For those of us exiting summer, don't forget to check your local outdoor pools for end of season dog swims!


----------



## SteelCityDozer (Aug 25, 2011)

I guess no one else is into this but we're going today in about an hour and I'm SO excited! Hopefully penny will like the water and Dozer can improve his lack of technique.


----------



## OttosMama (Oct 27, 2011)

Have fun! We don't have community pools in our area but I'm sure they will have a blast


----------



## SteelCityDozer (Aug 25, 2011)

Well penny liked the water about as much as Dozer did at her age (not a lot). Good news she swims great. And Dozer LOVED swimming the length of the pool and jumping in after the ball. Although an overall success, Dozer was the only dog to steal a treat from the doggie bake sale and penny found the only opening out of pool area, which Dozer then followed her.
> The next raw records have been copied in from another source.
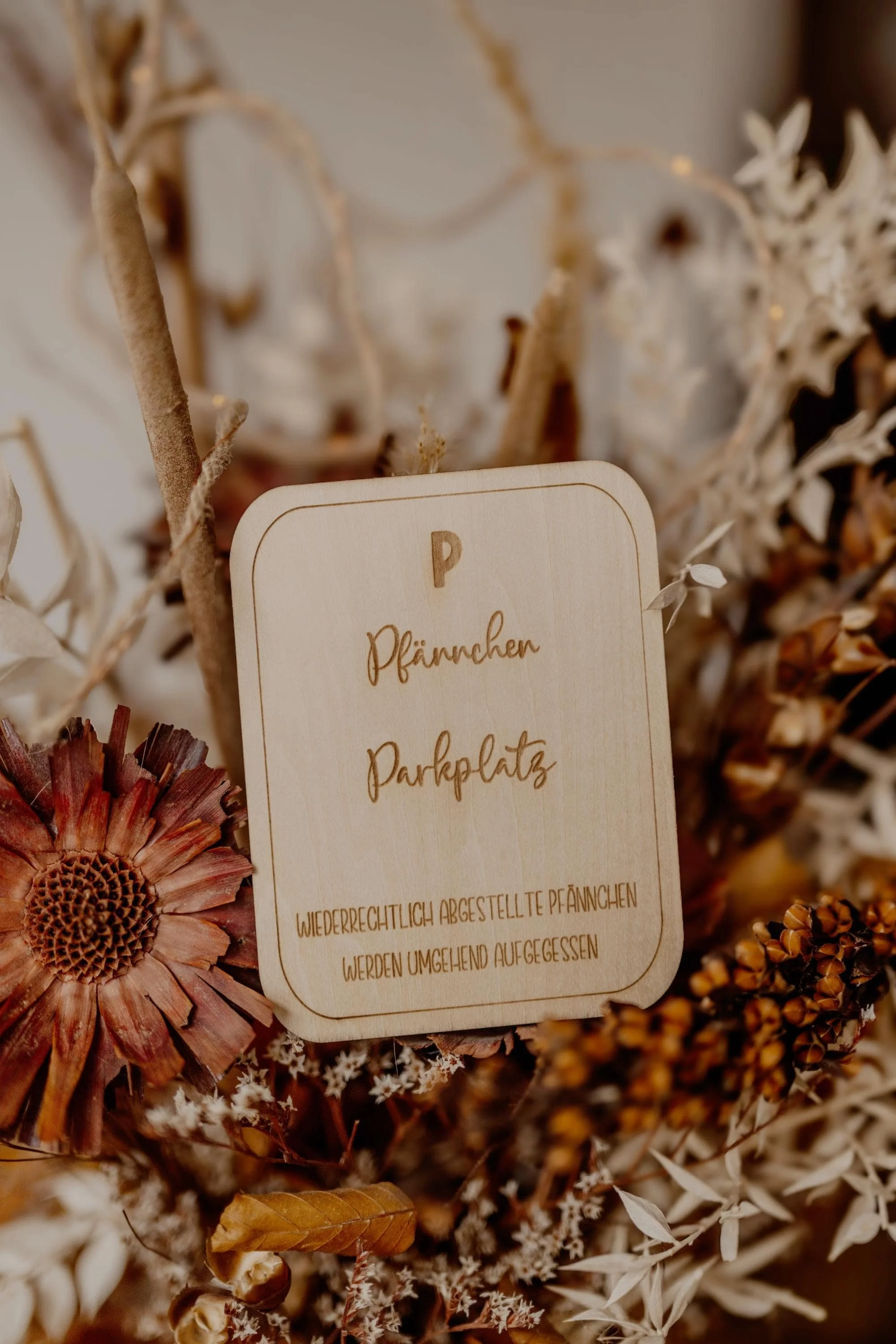 • Durch handwerkliche Fertigung sind leichte Abweichungen in Farbe, Maserung und Positionierung möglich – jedes Schild ist ein echtes Unikat
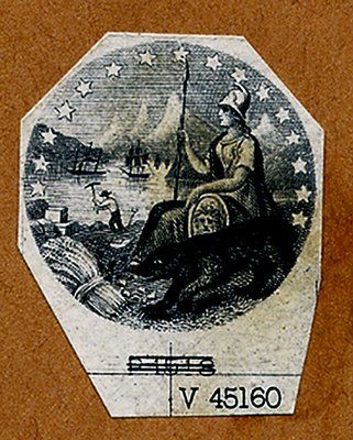 ca.1850's-1870's. 4 different vignettes of California state seals. All are printed on india paper and mounted on manila file folders. Printers include NBNC, BCC and unattributed. Condition varies from Fine with slight glue staining to Choice uncirculated condition. Early California arms or seals.
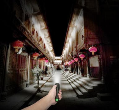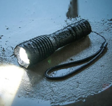 Vedenpitävä ja kestävä: Taskulamppu kestää sekä sadetta että lunta ja muita ulkoisia rasituksia.
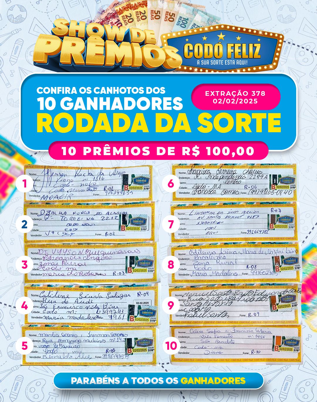 Confira os canhotos dos Ganhadores da 378ª Extração do Codó Feliz Publicado em: 3 de fevereiro de 2025Autor: Alberto BarrosDeixe um Comentário!
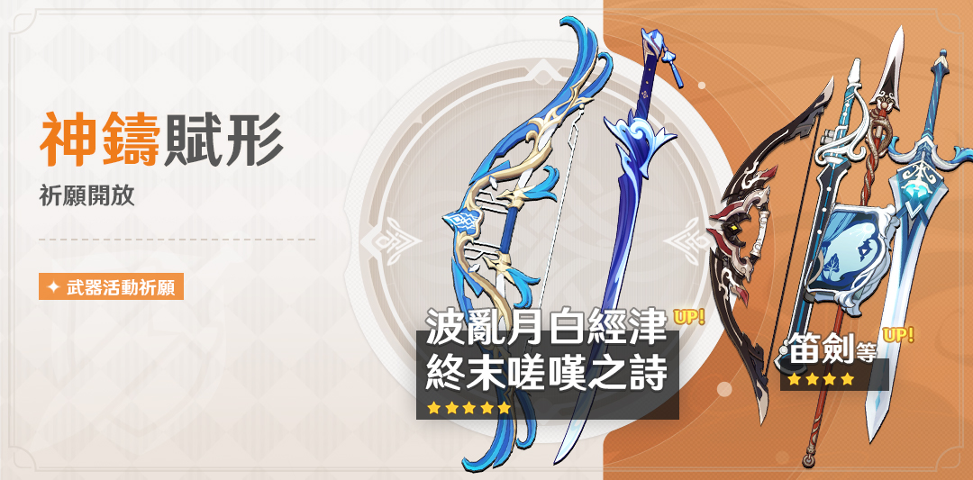 ●活動期間,可使用「神鑄定軌」對本期五星UP武器「單手劍·波亂月白經津」或「弓·終末嗟嘆之詩」進行定軌,更多「神鑄定軌」詳細規則可點擊祈願介面左下角【詳情】按鈕查詢。
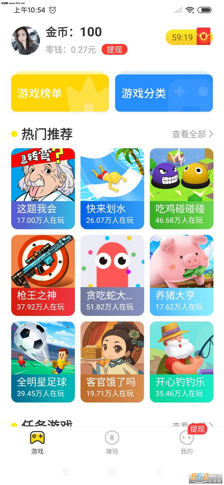 3.玩小游戏赚金币,金币可兑换现金
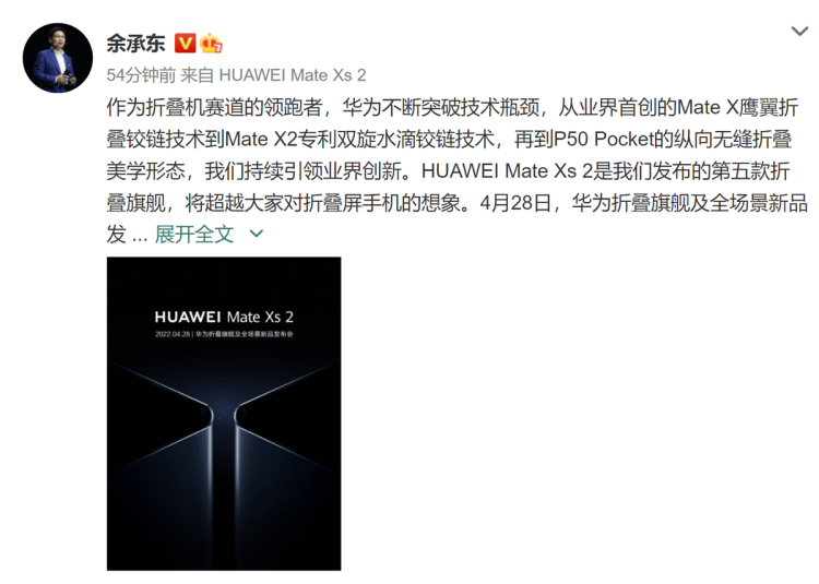 余承东表示:“作为折叠机赛道的领跑者,华为不断突破技术瓶颈,从业界首创的Mate X鹰翼折叠铰链技术到Mate X2专利双旋水滴铰链技术,再到P50 Pocket的纵向无缝折叠美学形态,我们持续引领业界创新。HUAWEI Mate Xs 2是我们发布的第五款折叠旗舰,将超越大家对折叠屏手机的想象。4月28日,华为折叠旗舰及全场景新品发布会,诚邀大家共同见证!”
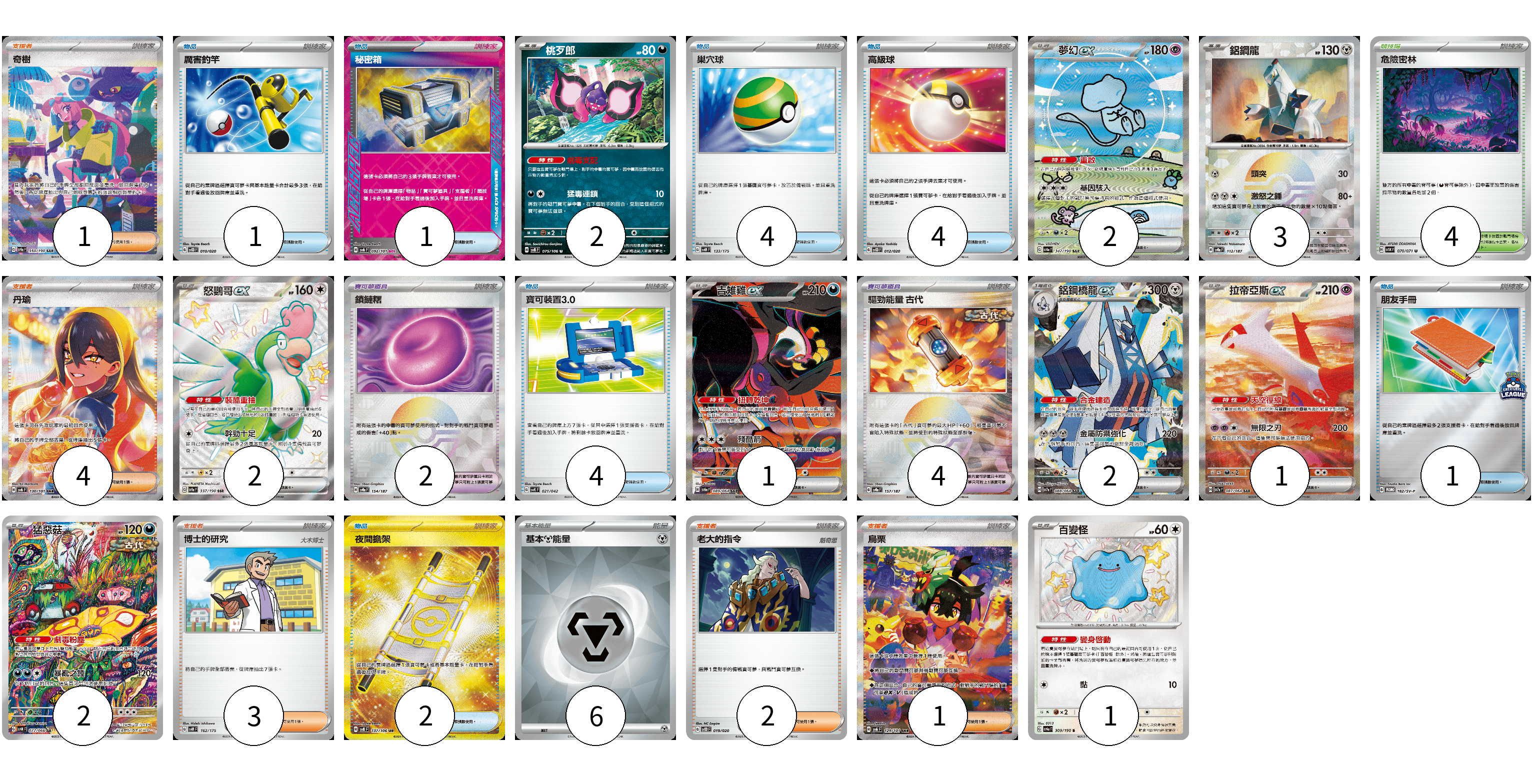 牌組構築方案 以此牌組為基礎新構築牌組 顯示卡面 顯示列表 寶可夢卡(16) 2 2 3 2 1 2 1 2 1 寶可夢道具(6) 2 4 物品卡(17) 1 1 4 4 4 1 2 支援者卡(11) 1 4 3 2 1 競技場卡(4) 4 能量卡(6) 6 寶可夢卡(16) 卡牌名稱 張數 卡牌名稱 張數 桃歹郎 SV8 075/106 02 夢幻ex SV4a 347/190 02 鋁鋼龍 SV8a 112/187 03 怒鸚哥ex SV4a 337/190 02 吉雉雞ex SV6a 089/064 01 鋁鋼橋龍ex SV7a 088/064 02 拉帝亞斯ex SV7a 087/064 01 猛惡菇 SV4K 077/066 02 百變怪 SV4a 309/190 01 寶可夢道具(6) 卡牌名稱 張數 卡牌名稱 張數 鎖鏈糬 SV8a 154/187 02 驅勁能量 古代 SV8a 157/187 04 物品卡(17) 卡牌名稱 張數 卡牌名稱 張數 厲害釣竿 SVOD 010/020 01 秘密箱 SV6 092/101 01 巢穴球 SVM 133/175 04 高級球 SVOD 012/020 04 寶可裝置3.0 SVK 021/042 04 朋友手冊 SV-P 182/SV-P 01 夜間擔架 SV8 137/106 02 支援者卡(11) 卡牌名稱 張數 卡牌名稱 張數 奇樹 SV4a 350/190 01 丹瑜 SV6 130/101 04 博士的研究 SVM 162/175 03 老大的指令 SVOD 019/020 02 烏栗 SV6 129/101 01 競技場卡(4) 卡牌名稱 張數 卡牌名稱 張數 危險密林 SV5K 070/071 04 能量卡(6) 卡牌名稱 張數 卡牌名稱 張數 基本【鋼】能量 SVOD MET 06 以此牌組為基礎新構築牌組 牌組編碼 ibSDYG-azGsfo-BIPWRp copy 列印牌組單 牌組編碼已複製 分享至SNS
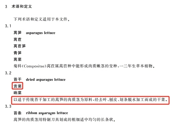为此,有约君查阅了现行国家标准《GB/T 29564-2013 苔干》的定义:苔干是用适合做苔干的莴笋的肉质茎为原料,经去叶、刨皮、划条、脱水加工而成的干菜。这里的苔干就是贡菜,并没有对产地有严格要求。
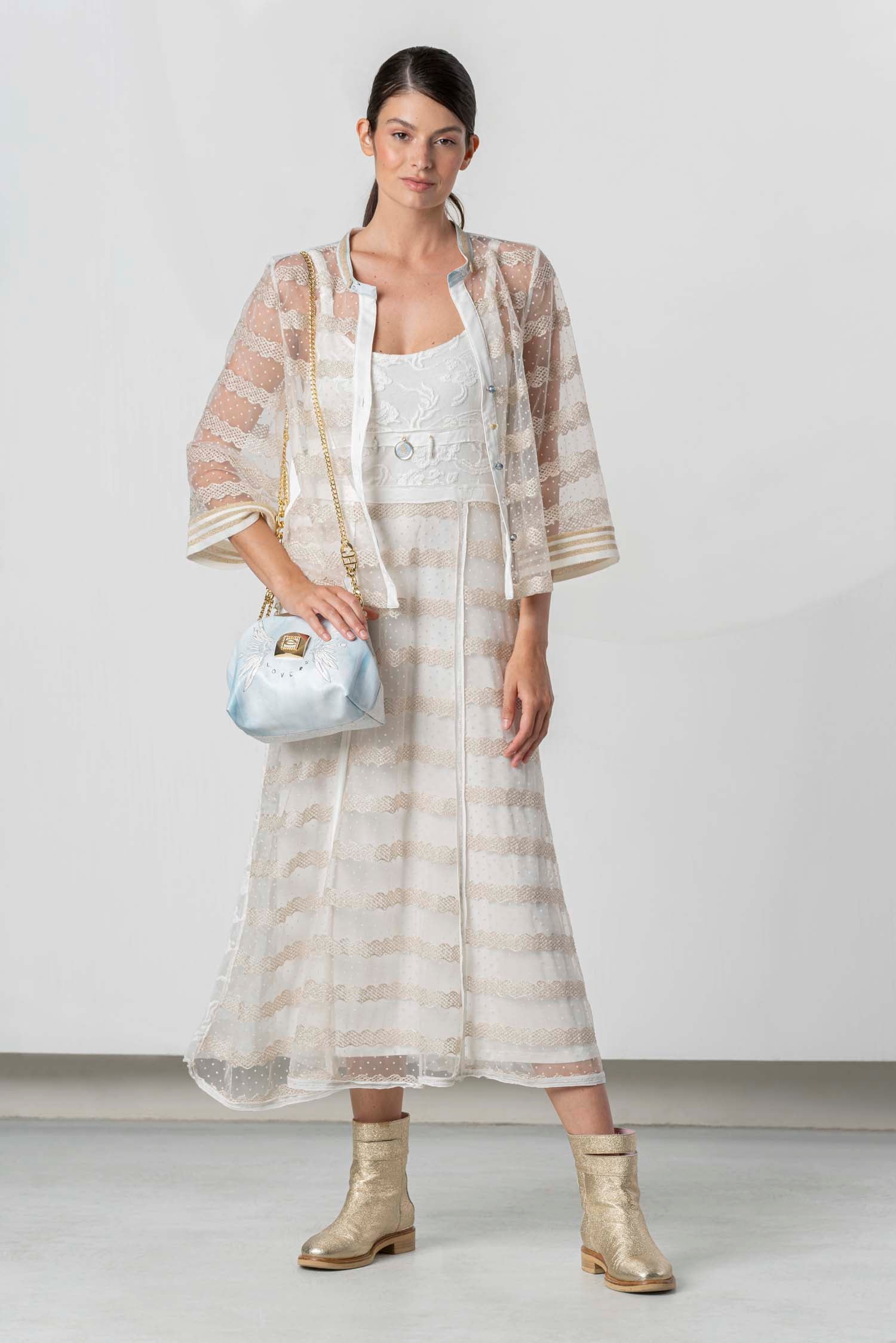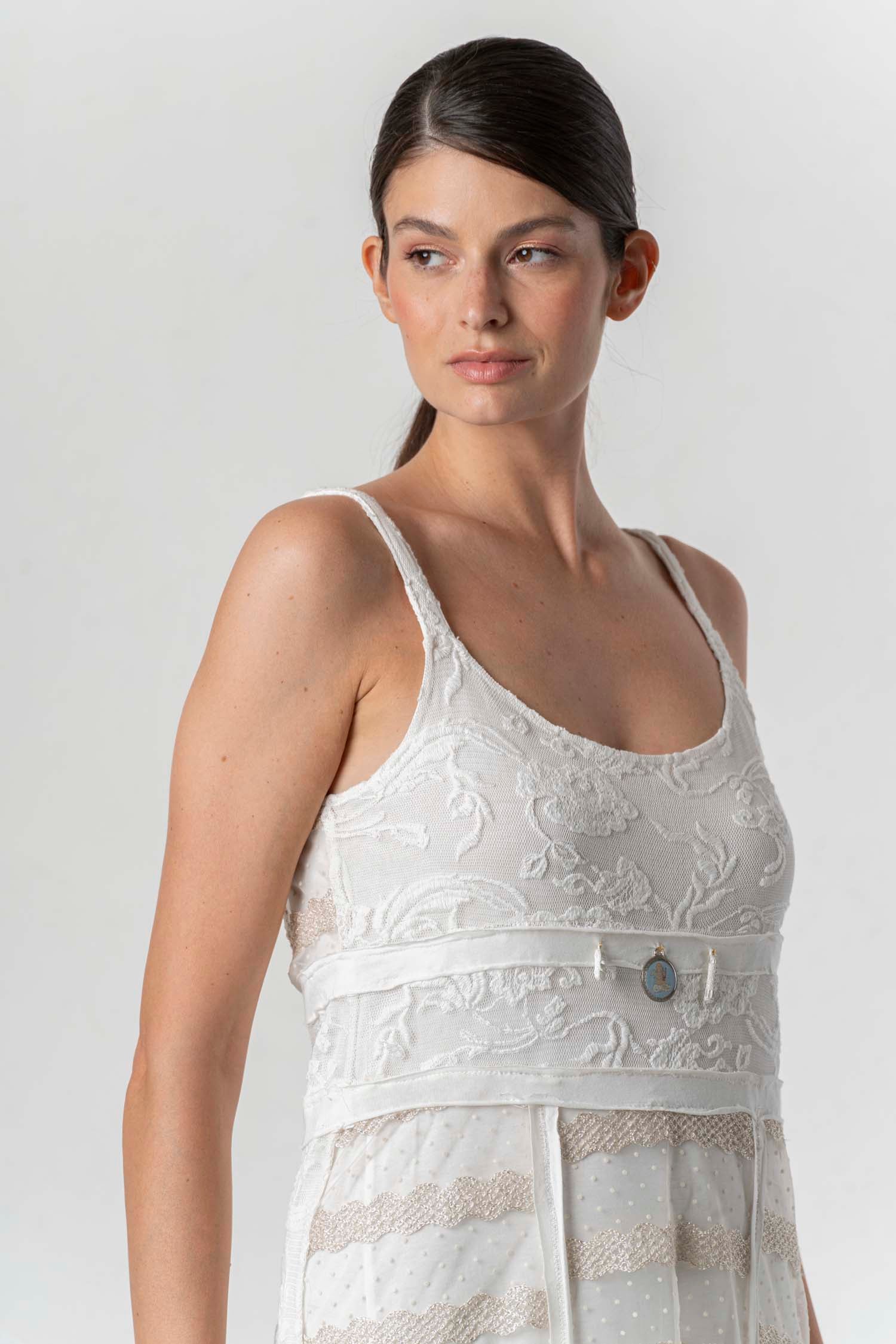 Dieses feminine Kleid besticht durch sein leichtes, fließendes Design und die feinen Spitzen- und Tülldetails. Die schmalen Träger und das dekorative Detail in der Taille verleihen dem Kleid eine elegante Silhouette. Der luftige Rock in Midi-Länge sorgt für eine romantische Ausstrahlung und angenehmen Tragekomfort. Ideal für stilvolle Sommerlooks und besondere Anlässe.
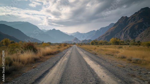 Serene Landscape: Straight Dirt Road Leading Towards Majestic Mountains
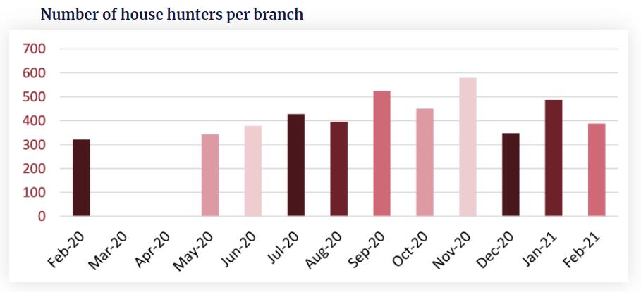 另外,该公司最新的市场分析还显示,2月份的销售活动依旧火爆,Propertymark的每家分支机构达成的平均销售数量增至11笔,高于今年1月的10笔、2020年2月同期的9笔和2019年2月的7笔。
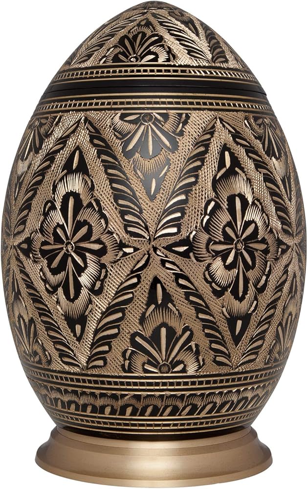 • This beautiful black urn has a delicately hand-engraved gold design with flowers and triangles, achieving a simple yet meticulous handcrafting process. The urn is sculpted in an egg shaped oval that recalls the luxury and the attention to detail found in Faberge eggs. This urn comes in a variety of styles to properly commemorate the memory of your loved one.
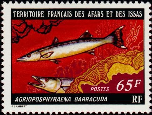 Visibility: public Image owner: none postage 4/15/1977 65fr multi issue=Fish d=Agrioposphyraena barracuda unwmk perf=13x12.5 Crops No visible images cropped from this one. Measurements Resolution is unknown. Source Source name: Colnect File URL: http://i.colnect.net/b/792/994/Great-Barracuda-Sphyraena-barracuda.jpg Uploaded August 25, 2014, 12:48 am by Stan Shebs |
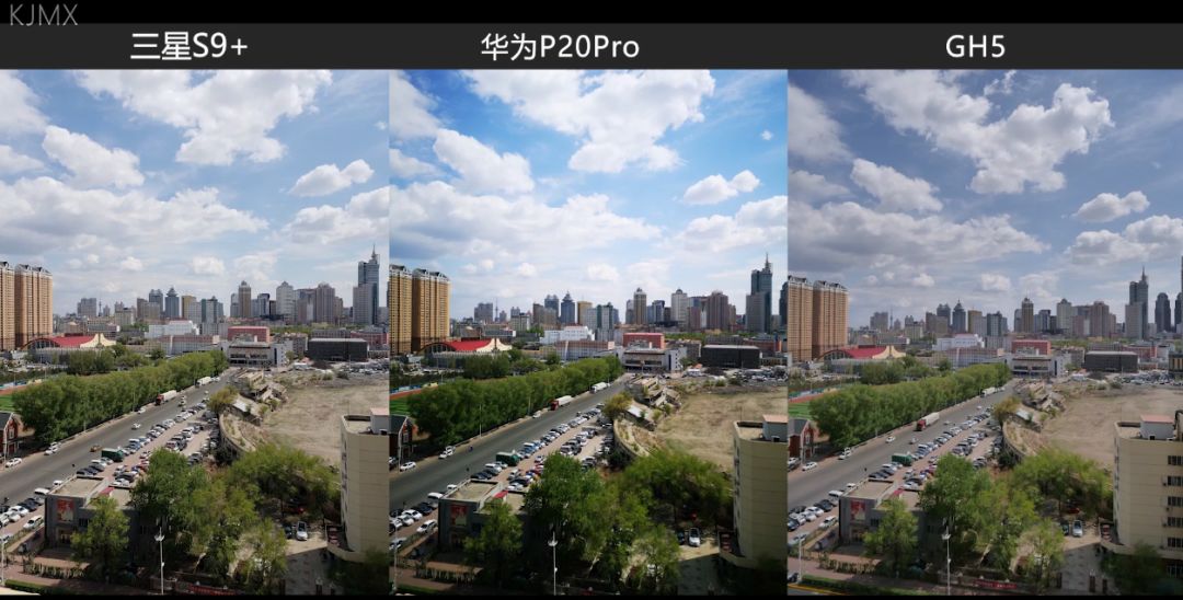 我们把P20Pro开启4000万像素,和1200万像素的S9+以及2000像素的M4/3相机GH5对比,如果在光线非常理想的环境下,华为的细节确实更多,楼宇上的字只有P20 Pro最清晰锐利。以后大家在教室最后一排拍摄黑板就不用担心啦。

Oh and a random guy had to help Dozer out of the pool. while I was watching penny and Kevin was changing, Dozer jumped in and swam across where there's only ladders and I couldn't run around fast enough. We def had the craziest dogs there. Big surprise. Ha ha. And I couldn't get things under control long enough to even snap one pic or video! Now it's nap time.


----------



## Darcy1311 (May 27, 2012)

That is a fantastic idea...swimming with your Vizsla, what could be nicer than doing that, do they allow this in UK pools, I bet they don't, I have just had a week in Scotland and that has to be the most dog Unfriendly place in the world, you just could not bring your dog anywhere...in fact they treat the English better..ho ho


----------



## SteelCityDozer (Aug 25, 2011)

They're only done in the US right before they close for the summer. Some are free but this one was to raise money for a dog park. But it was awesome.


----------